Cordisco, the chairman of BCWSA, said Wednesday that Aqua extended its offer to BCWSA more than a year ago, and he had instructed officials from Aqua and Pennsylvania American not to reach out directly to BCWSA board members or the company’s staff while the authority evaluated its prospects.
“We have professionals that will evaluate the information,” Cordisco said. “And that once they complete that process, then we’re in a position to make a determination on what makes sense and what doesn’t make sense. But we’re not at that point.”
Benjamin Jones, BCWSA’s chief executive, said the company had hired engineering firm Gannett Fleming to appraise the value of the system.

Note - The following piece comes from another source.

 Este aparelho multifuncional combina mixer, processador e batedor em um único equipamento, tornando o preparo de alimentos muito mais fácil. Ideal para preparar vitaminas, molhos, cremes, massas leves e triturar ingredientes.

The sales of water and sewer systems in Pennsylvania are driven by a 2016 state law that encourages the consolidation of smaller public systems under private ownership. The law, called Act 12, allows investor-owned utilities to pay an appraised fair-market value for an acquired system, rather than its lower depreciated cost or “book value,” and then to recoup the costs through higher rates.
Since the new law went into effect, Aqua has closed on acquisitions in East Norriton, New Garden Township, Cheltenham, East Bradford, Limerick, and Lower Makefield, and has deals pending with East Whiteland, Willistown, Shenandoah, and Beaver Falls.

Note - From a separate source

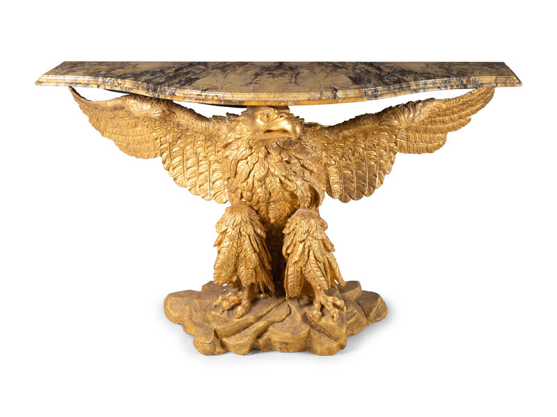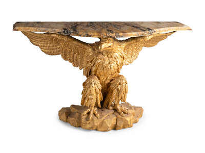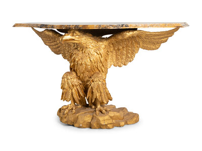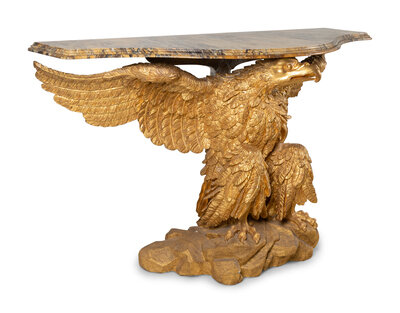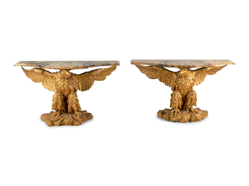 A Pair of George II Giltwood Marble-Top Eagle Pier Tables

Aqua has also signed a deal to pay $276 million for Delaware County’s sewer system, Delcora, a multi-town system comparable to the BCWSA. That deal was engineered in late 2019 in the final months before Republicans lost control of Delaware County. A new Democratic majority of county council has moved to undo the decision, which is pending before the PUC.
Interest in Pennsylvania utilities appears to be attracting big money from outside the state. The top bidder for the sewer system in Towamencin Township is NextEra Water, a subsidiary of the Florida company that owns Florida Power and Light but owns no Pennsylvania utilities.
NextEra offered $115 million for the Towamencin system, outbidding four other companies, including Pennsylvania America’s $92 million offer, and Aqua’s $54 million bid.